For GDP, one big piece that’s missing, or what’s kept it at a lower rate than in the comparable 2014 period, is inventory. Three and four years ago, American businesses couldn’t get enough. They piled into it at a record pace. The reason they did was almost surely Janet Yellen, or at the very least the mainstream economic projections that start always with the Fed’s upward biased models.

The BEA estimates that in the four quarters after the “rising dollar” began (Q3 2014 to Q2 2015), US firms took in around $400 billion of additional inventory. In dollar terms, it was by far the most in history; in percentages (of GDP) it was the largest inventory splurge since the late nineties. As an investment in the future, which is what inventory really is, it was on par with what the BLS was figuring in the jobs market.

Overall economic growth never really picked up all that much.

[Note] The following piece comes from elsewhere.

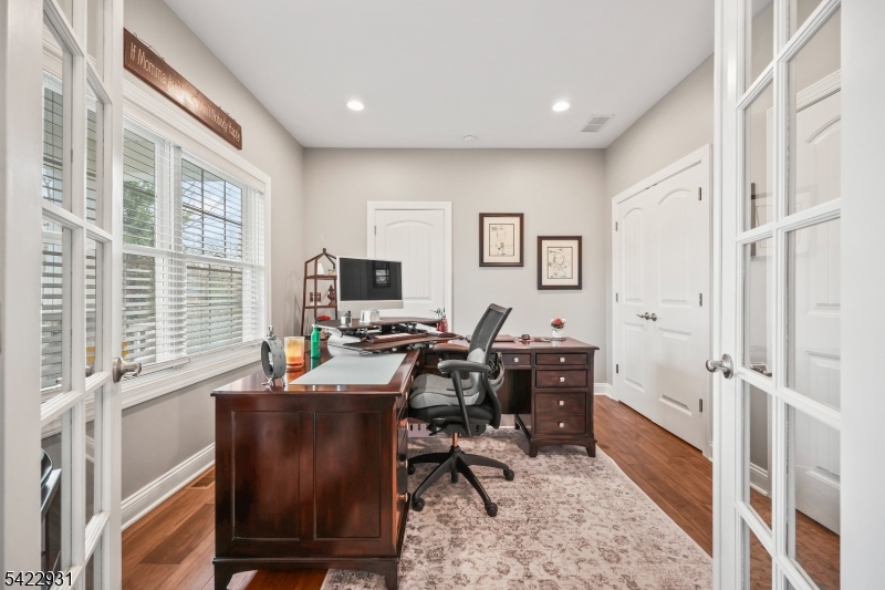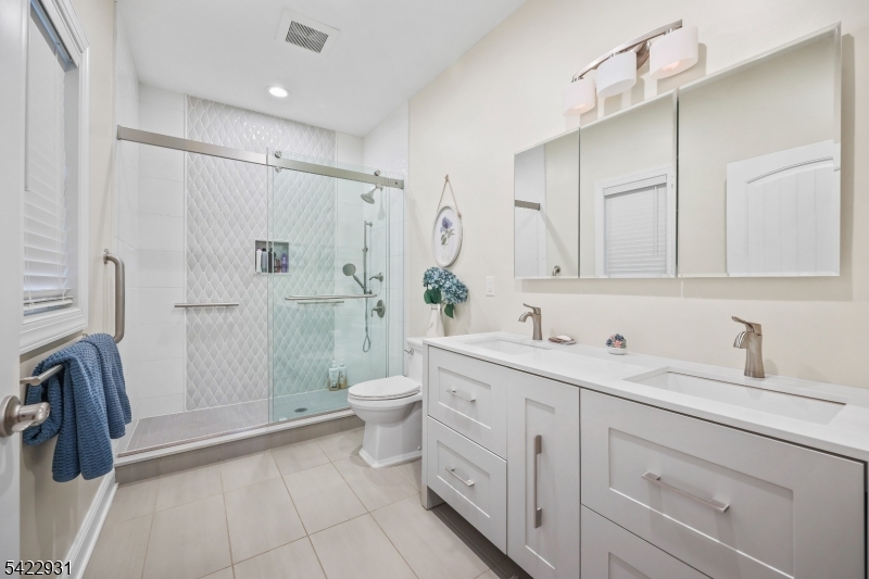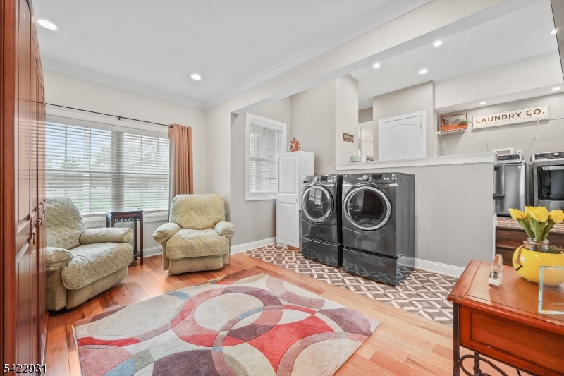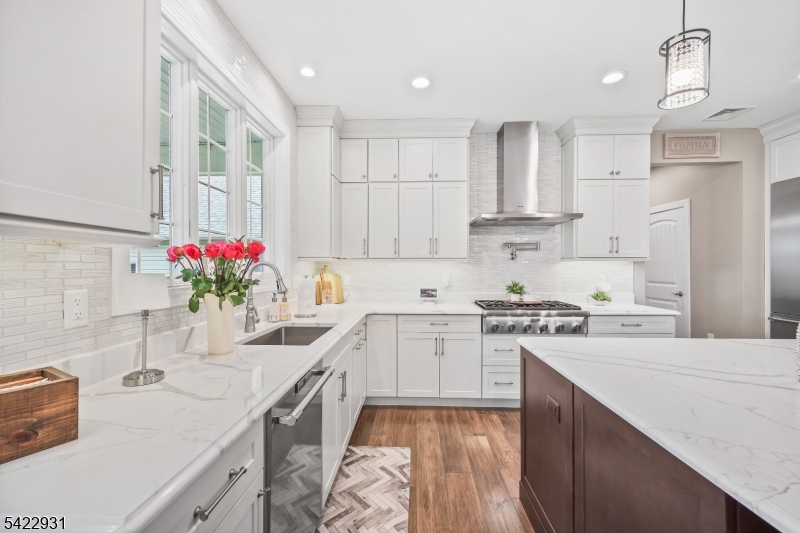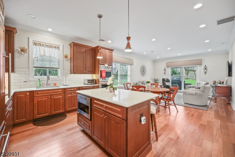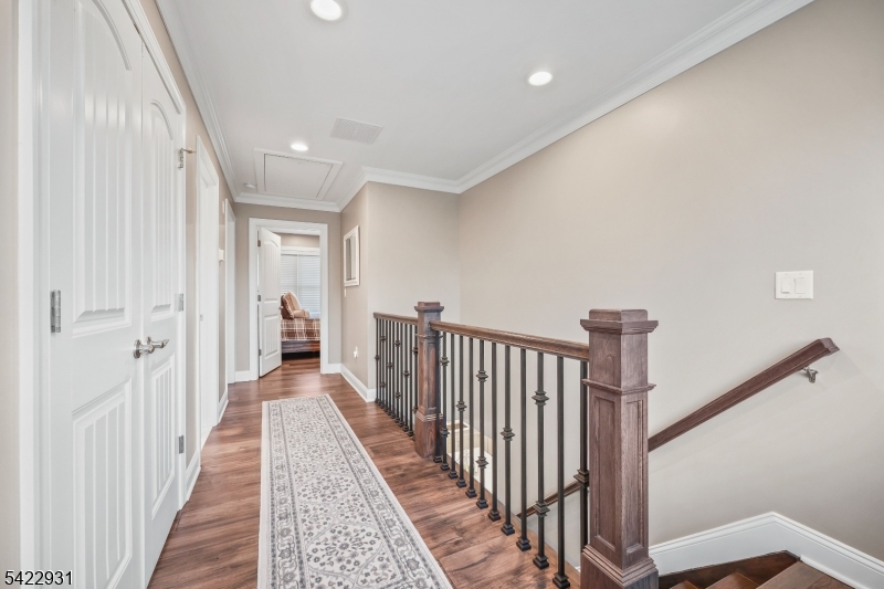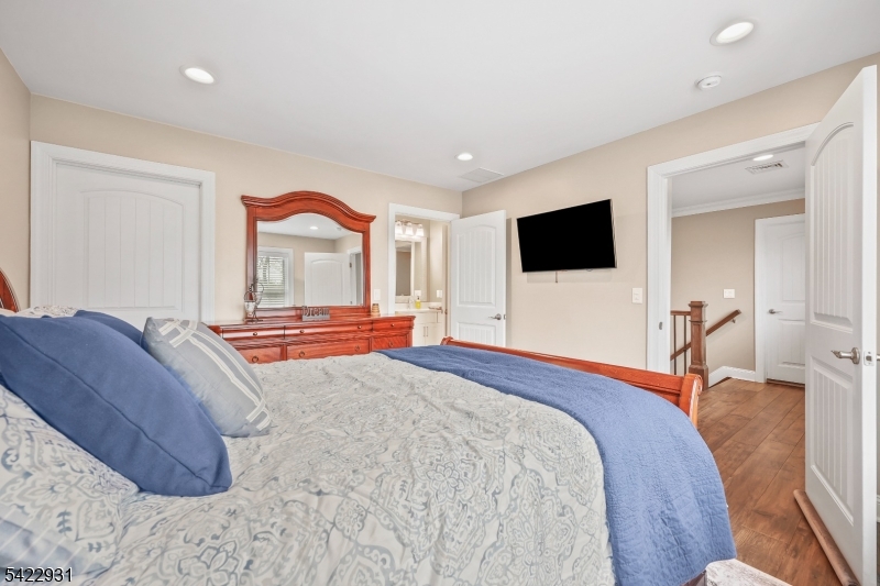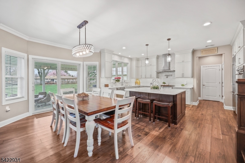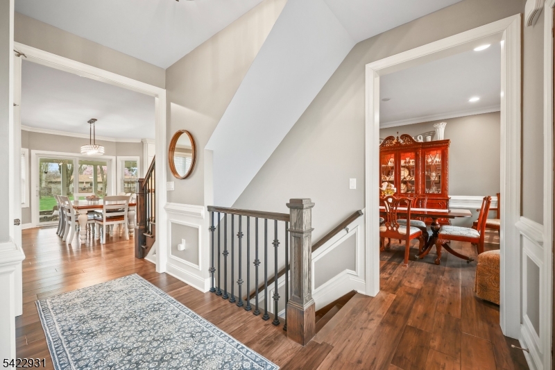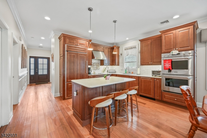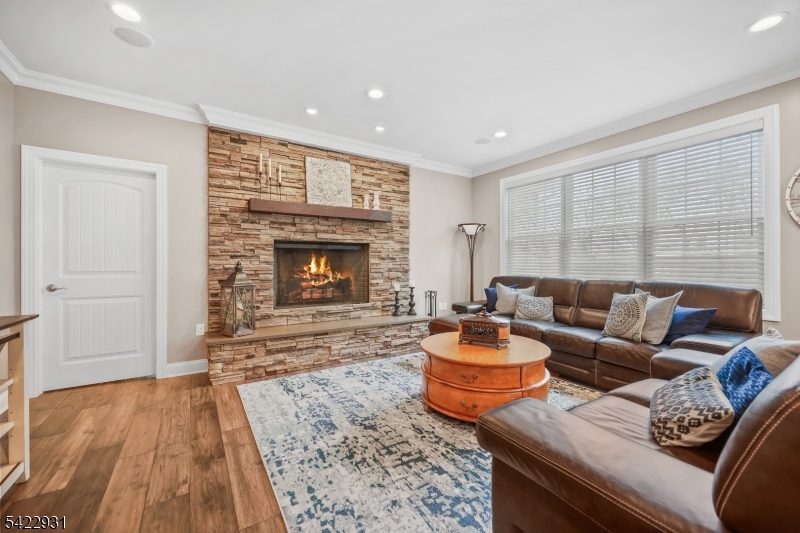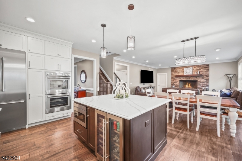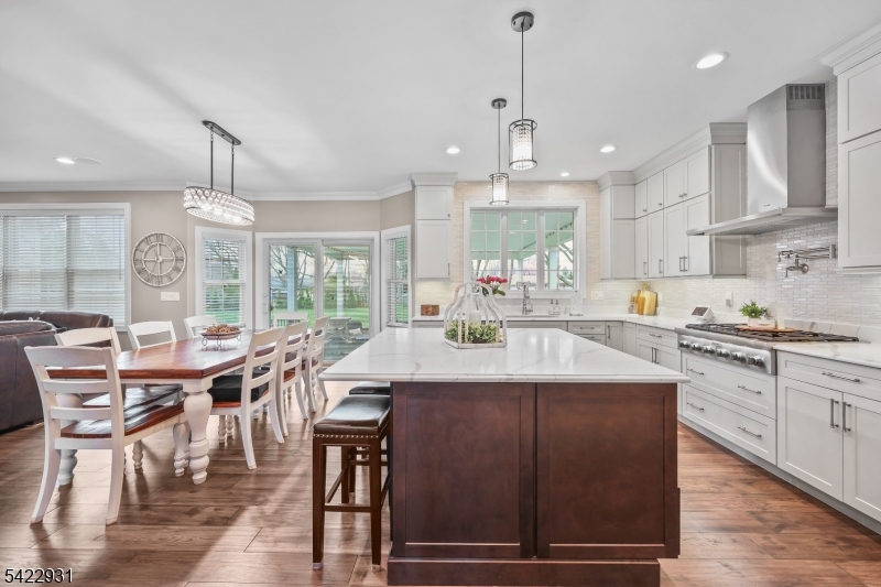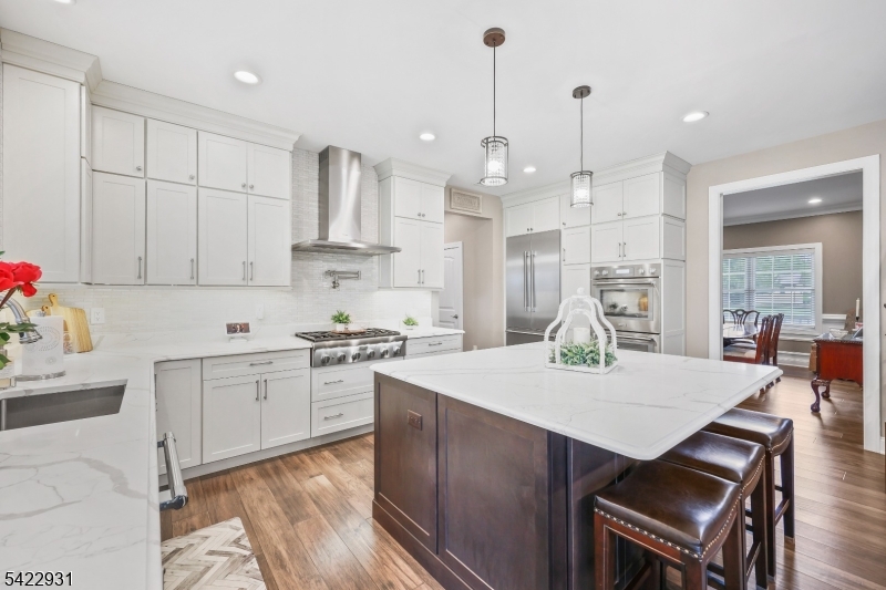 Welcome to this exceptional 6+ bedroom, 5.5 bath multigenerational estate, thoughtfully designed for flexible living, privacy, and comfort. Nestled on nearly 1 acre in a beautifully set-back location, this impressive property offers the perfect blend of luxury, space, and functionality. The main level features 2 spacious primary suites, each with its own private en-suite bath, making it ideal for multigenerational living or guest accommodations. In addition, there are two versatile den/guest rooms that can easily serve as home offices, playrooms, or additional sleeping spaces. Upstairs, you’ll find three generously sized bedrooms accompanied by one Jack & Jill style bath with private sink areas, plus one bedroom with direct en-suite bath access, and one den/guest area offering privacy and convenience for every occupant. Designed with separate living in mind, the home includes two full kitchens, separate laundry areas, private entrances for each side, and individual patio spaces, creating an ideal setup for extended multi-generational living, or private guest quarters. The main home showcases engineered wood flooring throughout, recessed lighting, a wood-burning fireplace, and a stunning chef’s kitchen complete with a large quartz center island and premium Thermador appliances including 6 burner stove ,double oven, beverage fridge and swing arm pot filler. Additional features include multi-zone heating & central air, finished basement with rough plumbing for a full bath.

The inventory was in anticipation of it doing so by 2015 at the latest. The unemployment rate suggested that even if the economy was still in low gear in 2014, there had to be a kick into high gear just around the corner.

Since that time, American businesses have been stuck in a sort of inventory limbo. A traditional recession always comes with an inventory liquidation; the desperate shedding of stockpiles of unsold goods as the approach of economic danger turns more immediate. The lack of liquidation, ironically enough, is what kept the 2015-16 downturn from becoming a full-blown cycle trough (a few quarters of negative GDP strung out over time).

Unlike in the past, there seems to be confusion manifesting as reluctance. If there was no inventory liquidation, there hasn’t been any restocking, either. That’s part of the difference lowering economic growth rates in 2017 versus 2014.

It’s not just inventory where this curious disinclination shows up. Other forms of business investment have been just as restrained. The most beneficial and basic of them is pure capex, the sort of productive investment any economy relies upon for baseline growth potential.